I also started a pull request, but I does not yet show up in the discussion - so here's the link.

svetakvsundhar commented 1 year ago

thanks-- I will leave comments both on your questions and the PR.

For starters, could we break down the changes into multiple PRs? Eg, can we start with the renaming function PR?

jubebo commented 1 year ago

Sure, I will break down the changes into multiple PRs. By "renaming functions PR" you refer to what I have described with "suggested to rename dict_of_tuples to field_names_and_types", correct?

jubebo commented 1 year ago

Have created the first PR as discussed: link

jubebo commented 1 year ago

First PR got merged into master - have just created the second PR as suggested.

jubebo commented 1 year ago

As discussed in the second PR, implementing these suggestions requires changes to beam core, which is why I was investigating alternative solutions for my problem.

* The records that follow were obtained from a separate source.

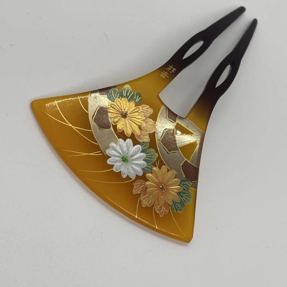 Hua Sho Wedding Kanzashi Tortoiseshell Gold Lacquer Chrysanthemum Hairpin Key Features **Kanzashi Hairpin with Chrysanthemum Design** - **Brand**: Kōdo - **Product Type**: Kanzashi Hairpin - **Model**: Chrysanthemum Pattern **Features**: - **Design**: Beautiful chrysanthemum motif and Genji car design, elegantly depicted with gold maki-e. - **Material**: High-quality tortoiseshell-like finish, providing a luxurious feel. - **Color**: Gold and natural tones, reflecting light beautifully. - **Size**: Well-proportioned for ease of use. - **Symbolism**: Represents longevity, good health, and nobility; suitable for various occasions. **Condition**: - This item is in excellent condition, with no visible scratches or stains. **Usage**: - Perfect for weddings, parties, or everyday wear with kimono or yukata. This exquisite kanzashi is a timeless piece that complements a wide range of ages and styles. Specifications Brand No Brand Country Japan Product Description Item Descriptions Thank you for taking a look at the item we are listing. This item is a used item. If you have any questions or concerns about this item please feel free to contact us. We also have many other items on ebay besides this item. It would be great if you could take a look at that as well. If you do not see the item you want in our listings please contact us and we will do our best to find it for you. We will do our best to find the item you want. Please make sure you understand all of our policies including our sales policy before you buy. We are selling this item in accordance with ebay's policies. Please be sure to review ebay's policies before making a purchase Handling Time Handling Time : 10 business days Due to the ongoing global holiday season there is a significant increase in the handling of packages by shipping companies. Therefore it is possible that there may be delays in pickup shipping and during transit. Please make your purchase with an understanding of these potential delays. In the event of any delays rest assured that we will investigate and take responsibility. Please buy with confidence. Message For You Thanks for taking a look at my products. We hope you will consider them. I am listing on ebay with my company. I am listing my products on ebay in Japan. I have only slight feedback. It may be making you uncomfortable. But don't worry. I will provide courteous and responsive service. We also have a variety of other products for sale. We hope you will take a look at those as well. If you are looking for a particular item that is not in my listing please do not hesitate to contact me. I will look it for you. ※All of the products we sell are cleaned and disinfected during inspection. We hope you will consider purchasing our products. All of the products we sell are cleaned and disinfected during inspection. Please be sure to review and understand the policies listed below before making a purchase. If you have any questions please contact us. There is an inquiry button at the top. Notice Becausethe international air shipping forbid to ship liquidpowder and batteries If you purchased goods containing such items we will not be putting them packing. Please understand them before purchasing the product. INTERNATIONAL BUYERS Import duties taxes and fees are not included in the price or shipping charges of the items you purchase. You are responsible for payment of any import duties taxes and fees. If you are unsure of the price of import duties taxes and fees please contact your country's customs office for confirmation. If you owe import duties taxes or fees they will be charged to you by the shipping company. When we ship goods we do not undervalue the declared value below the value of the goods. We also do not ship as gifts. These are strictly prohibited by eBay policy. Please refer to the following for more information. https://www.ebay.com/help/buying/shipping-delivery/changing-delivery-address-method/international-purchases-shipping?id=4057 There are also other ebay policies that buyers should review. Please be sure to abide by them before making a purchase. FEEDBACK POLICY We provide timely customer support to all purchasers. We will respond to your inquiry within 24 hours. Our working hours are from 10:00 to 20:00 Japan time. Once you have received your item please make feedback for us as this will let us know that you have received your item. In case of damage please be sure to take pictures of the following items and send them to us 1. Photograph of the entire item 2. Photograph of the damaged part 3. A photo of the condition of the cushioning material in the package 4. A photo of the condition of the cardboard box it arrived in SHIPPING POLICY Shipping methods are Japan Post FedEx and DHL. If you select "Economy Shipping from outside US" or "Economy International Shipping" at the time of purchase your order will basically be shipped by Japan Post. All shipments are tracked. Please buy with confidence. Shipping by Fedex or DHL is the fastest shipping method available. This can be changed for an additional charge. Please select "Standard Shipping from Outside the U.S." or "International Standard Shipping" if you prefer. Shipments are usually made within 5-10 business days. The earliest we can ship is the day after the ship date and in some areas it may take several days but we try to get your order to you as soon as possible. A shipment control number or tracking number will be sent to the customer as soon as it is issued. We strictly adhere to package handling times. Estimated arrival time in Economy Asia: 2 to 3 weeks Oceania: 2 weeks North America: 2-3 weeks Middle East: 2-3 weeks Europe: 2-3 weeks *It may take longer than the estimated arrival date due to carrier and traffic conditions in each region. Due to global disruptions we may not be able to ship to some areas. Subject to change on a daily basis. If we find after purchase that we are unable to ship we will issue a full refund. PAYMENT POLICY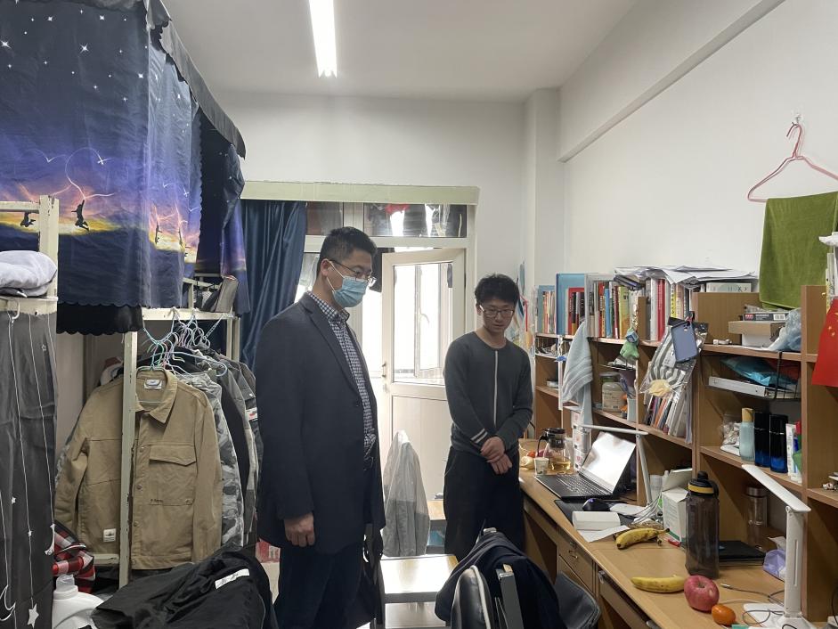 在走访过程中,常韬对研究生宿舍的卫生和安全情况做了仔细检查,以3月2日清华大学紫荆学生宿舍违规使用电器导致失火的事件为例,教育引导同学们引以为戒,注意用电安全,切勿使用大功率电器;叮嘱同学们树牢疫情防控常态化责任意识,按时健康打卡,做好个人防护,尽可能减少在人群密集场所聚集,做好校园疫情防控工作。此外,他还开展了网络安全和防范电信诈骗安全教育,提醒同学们谨防电信诈骗,确保个人财产安全。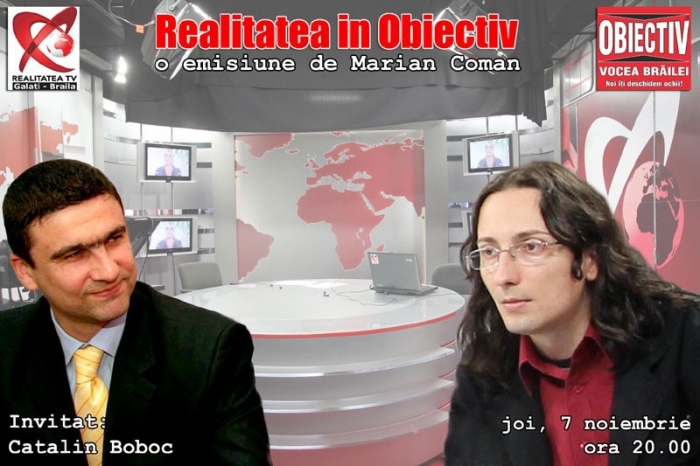 Emisiunea "Realitatea în Obiectiv" din această seară îl va avea ca invitat pe Cătălin Boboc, senator şi totodată preşedinte al organizaţiei judeţene PNL Brăila. Începând cu ora 20:00, liberalul va purta un dialog antrenant cu realizatorul talk-show-ului, Marian Coman, redactorul şef al cotidianului "Obiectiv - Vocea Brăilei". Discuţiile vor fi axate atât pe zona politică, cât şi pe cea administrativă locală.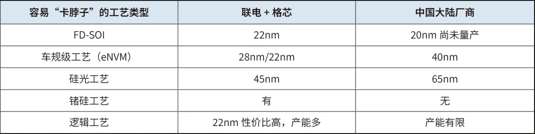 表7 格芯與聯電在28nm/16nm上相對我國企業的優勢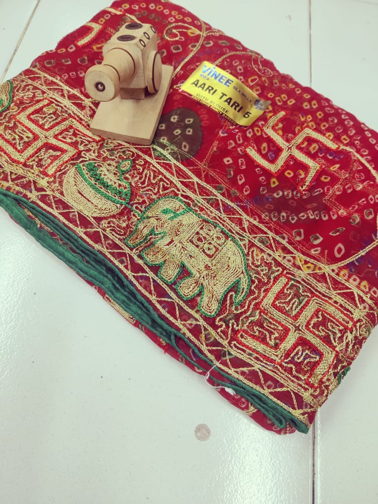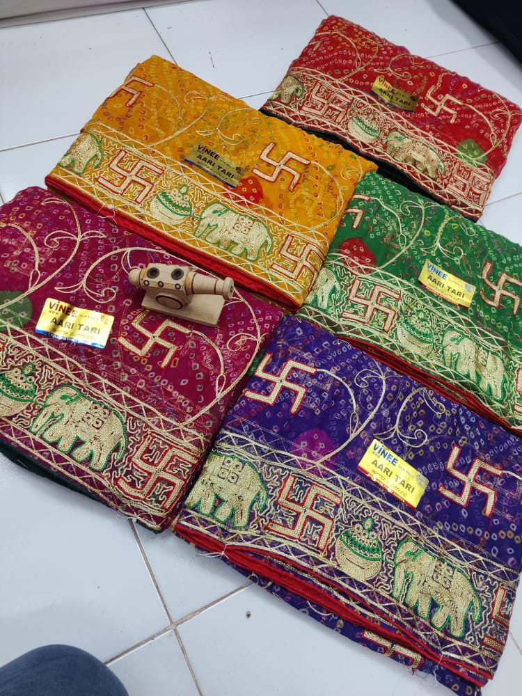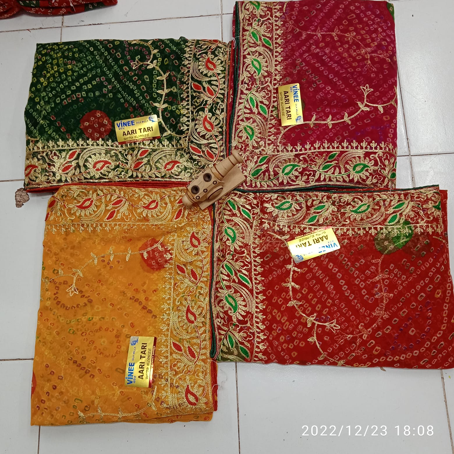 Buy Online Aari Tari Bandhej Saree 5 Pcs of Full Catalogue at Wholesale Price. Looking for Aari Tari Bandhej Saree Full Catalouge at Best Price? Buy Now Aari Tari Bandhej Saree at Wholesale Rate of Rs 2875 with Total 5 Pcs from authroized dealer and supplier of NITYA NX Brand. Cost of Each piece is just only Rs 575 which is very low and affordable price to resale the product in your retail store ,This is Surat based Wholesale Supplier & Dealer of NITYA NX Brand. Click on Brand name to Know more about NITYA NX Brand's products.Call or Whatsapp on 9898838984 for booking or enquiry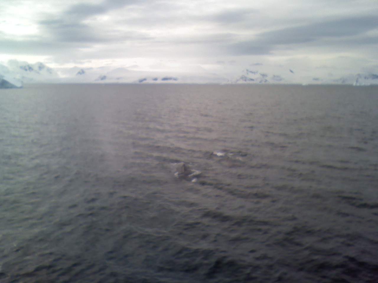 Bak on the ship there was no recap before dinner as three whales playing in the water just waters from the ship captured everyones attention. We followed them for about an hour, everyone running from bow to stern as the whales moved about in the seas. This went on until dinner was served.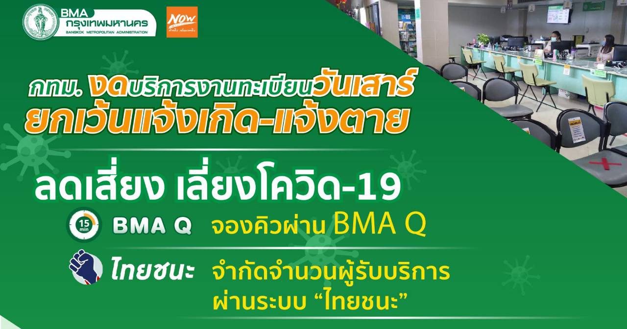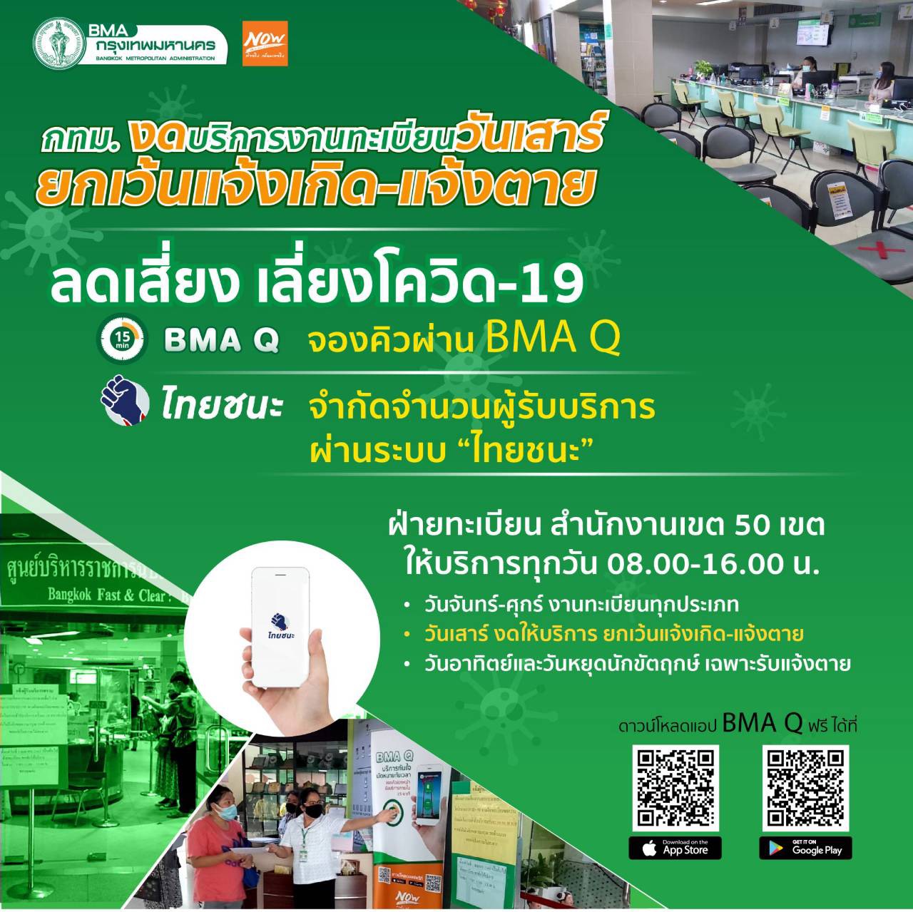 นางศิลปสวย ระวีแสงสูรย์ ปลัดกรุงเทพมหานคร เปิดเผยว่า ด้วยสถานการณ์การแพร่ระบาดของโรคติดเชื้อไวรัสโคโรนา 2019 (COVID-19) ซึ่งปัจจุบันพบผู้ติดเชื้อรายใหม่เพิ่มขึ้นจำนวนมาก โดยเฉพาะในจังหวัดที่มีพื้นที่ติดต่อกับกรุงเทพมหานคร โดยในสถานการณ์ดังกล่าวฝ่ายทะเบียน สำนักงานเขต ทั้ง 50 เขต ยังคงเปิดให้บริการประชาชนและมีประชาชนมารับบริการเป็นจำนวนมาก จึงมีความเสี่ยงที่จะทำให้เกิดการแพร่ระบาดของโรคอย่างรวดเร็ว เพื่อเป็นการป้องกันการแพร่ระบาดของโรคในพื้นที่กรุงเทพมหานคร จึงของดให้บริการงานทะเบียนแก่ประชาชนในวันเสาร์ในทุกกรณี ยกเว้นการแจ้งเกิด-ตาย รวมทั้งงดให้บริการรถบริการงานทะเบียนเคลื่อนที่ (Bangkok Mobile Service) ตั้งแต่บัดนี้เป็นต้นไป จนกว่าสถานการณ์การแพร่ระบาดจะคลี่คลายซึ่งจะประชาสัมพันธ์ให้ทราบต่อไป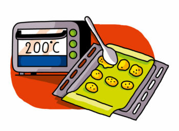 Étape 3 : Préchauffe le four à 200 °C (th. 6 ou 7). Mets le papier sulfurisé sur ta plaque de cuisson. Déposes-y des boulettes de pâte à l’aide d’une cuillère à soupe. Aplatis-les.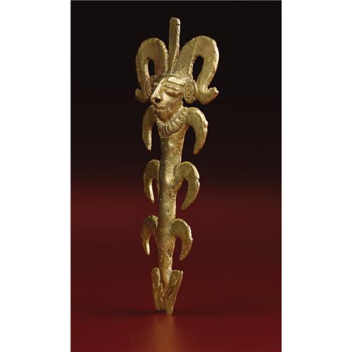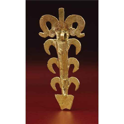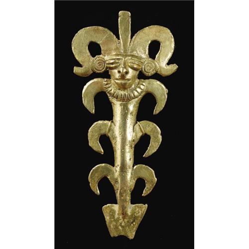 <B>Pendant Probably Representing a Shaman</B></I><BR>Sinú<BR>A.D. 100 - 700<BR>Gold, Weight 40 grams<BR>Height 4 3/16 in. Width 1 15/16 in.<BR><BR>This figure, representative of a type known from a number of Sinú examples, has three paired leaf-like forms along the elongated body which ended in an arrow-like form, the tip of which is now missing. He has a necklace of horizontal elements, spirals at the ears, and a symmetrical downward-curved double headdress, from the upper center of which rises a rectangular form with minute side indentations near the top. The overall effect of this image is strongly reminiscent of a growing maize plant. The condition is good, with minor surface deposits.<BR><BR>The lot is sold with a statement of authenticity from the distinguished expert Robert Sonin.<BR><BR>Provenance<BR>David Bernstein, New York<BR><BR>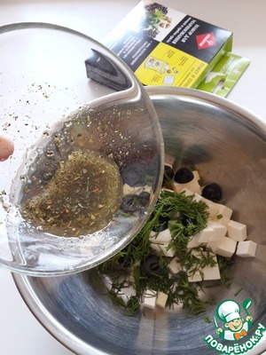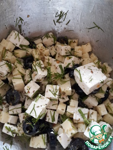 • Брынзу и твердый сыр нарежьте маленькими кубиками, добавьте нарезанный маслины, укроп и измельченный чеснок. Влейте сюда остатки маринада
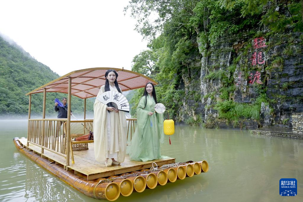 7月27日,游客在澜沧江游玩体验古风旅拍。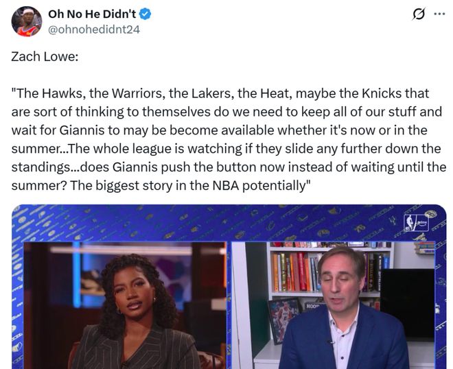 字母哥再度入選榜單,主要是因?yàn)槊沍ach Lowe曝出、紐約、勇士、湖人、等一眾球隊(duì)都在考慮是否保留全部籌碼以等待得到字母哥的潛在交易機(jī)會。

I have found that a simple call to

beam.io.ReadFromBigQuery(
   project="your-project",
   dataset="your-dataset",
   table="your-table"
   method=beam.io.ReadFromBigQuery.Method.DIRECT_READ
)

will solve the problems that I am currently facing, while still enabling me to parse nested data directly from BigQuery into Beam. From the documentation in Google Cloud DataFlow I also understand that manually parsing the output format can yield performance improvements compared to reading TableRow (or beam.Row) data types.

Please let me know if there are any major concers regarding this alternative approach, or if you identify additional improvements when following the suggestions of this feature request as discussed in the beginning of this conversation.